SSL (Secure Sockets Layer): A security protocol developed by Netscape for transmitting private information via the Internet. SSL works by using a private key to encrypt data that's transferred over the SSL connection. Both Mozilla Firefox and Google Chrome support SSL and many Web sites use the protocol to obtain confidential user information, such as credit card numbers. By convention, URLs that utilize an SSL connection start with "https" instead of "http."
Username: A name used to gain access to a computer system or program. Usernames, and often passwords, are required in shared systems, such as the Internet. In most such systems, users can choose their own usernames and passwords.
Virus: A program or piece of code that is loaded onto your computer without your knowledge and runs against your wishes. Viruses can also "replicate" themselves by copying their code to other computers. All computer viruses are manmade. A simple virus that can make a copy of itself over and over again is relatively easy to produce. Even such a simple virus is dangerous because it will quickly use all available memory and bring the system to a halt. An even more dangerous type of virus is one capable of transmitting itself across networks and bypassing security systems. There are numerous virus protection programs available.
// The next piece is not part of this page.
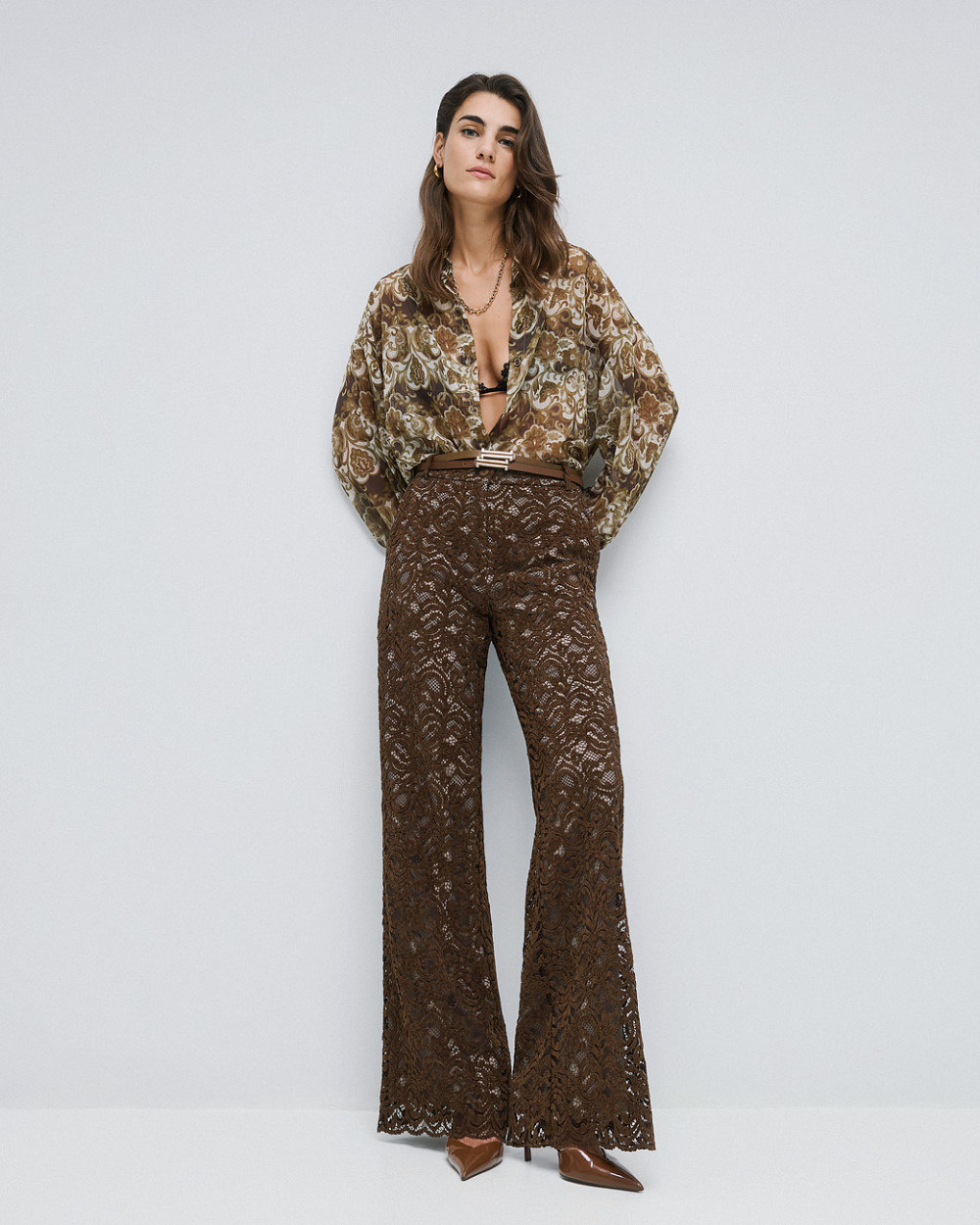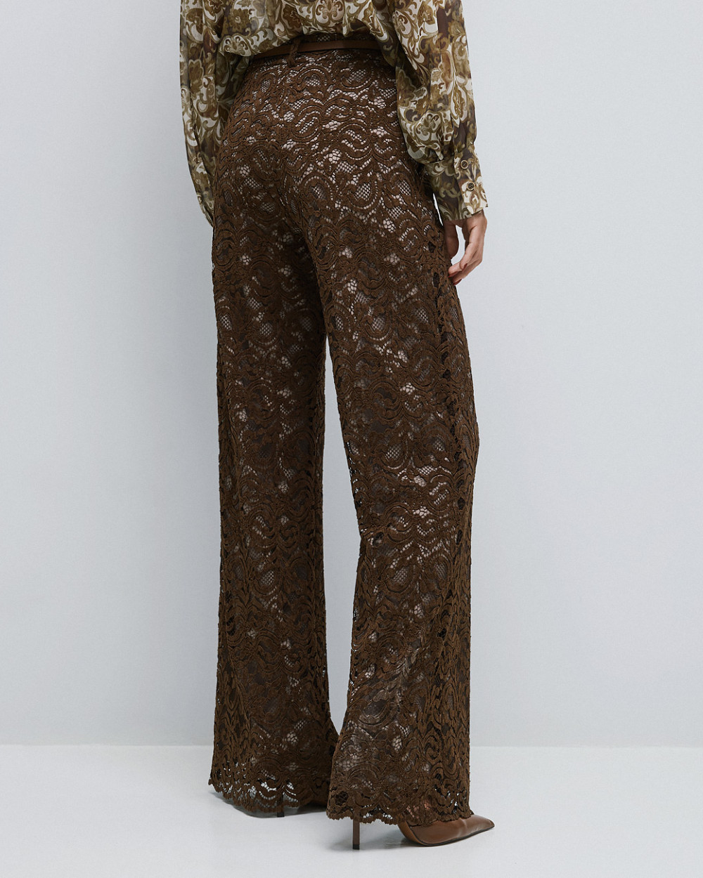 Elegant straight-leg pants crafted from delicate chenille lace, complete with a comfortable inner lining. Designed with classic tailoring details, they?re a refined choice for sophisticated formal looks.

Web Beacons (also often referenced as "clear GIFs", "web bugs", "1-by-1 GIFs", "Single-Pixel GIFs", "1 x 1 Pixels", or "clear Pixels"): Tiny graphic image files, imbedded in a web page in GIF, jpeg, or HTML format, that provide a presence on the web page and send back to its home server (which can belong to the host site, a network advertiser or some other third party) information from the users' browser, such as the IP address, the URL of the page on which the beacon is located, the type browser that is accessing the site, and the ID number of any Cookies on the Users' computer previously placed by that server. Web Beacons can also be used to place a Cookie on the Users' browser.
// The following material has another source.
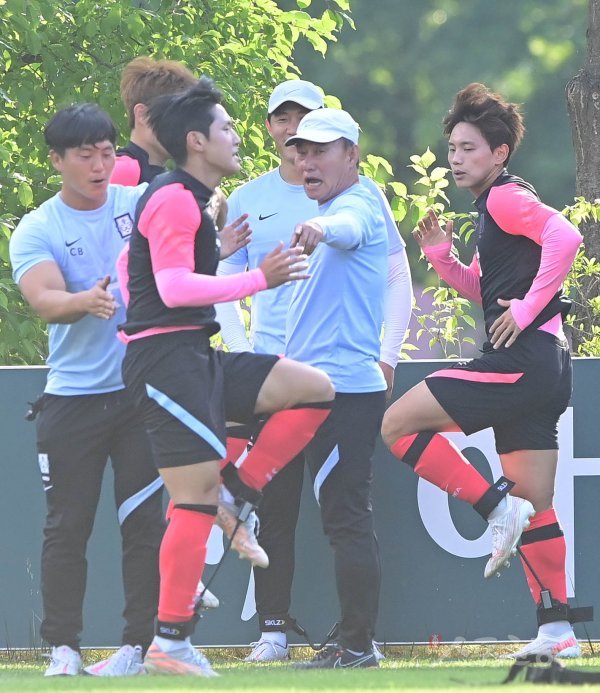 23일 경기도 파주 축구대표팀트레이닝센터(NFC)에서 2020 도쿄올림픽 2차 소집훈련에서 올림픽 축구대표팀 김학범 감독이 선수들의 훈련을 지켜보고 있다.

PLEASE NOTE: This Site does not provide medical advice, diagnosis, or treatment. The information described in these Web pages is accurate, to the best of our knowledge, at the time of publication. It should be noted that this information is provided for informational purposes only and is not a substitute for medical, legal, or other professional advice. Population Health Innovations, LLC. shall not be liable to any person or entity for any damages of any kind for any reason pursuant to any legal theory, incurred by the User as a result of its/her/his use or reliance on the information.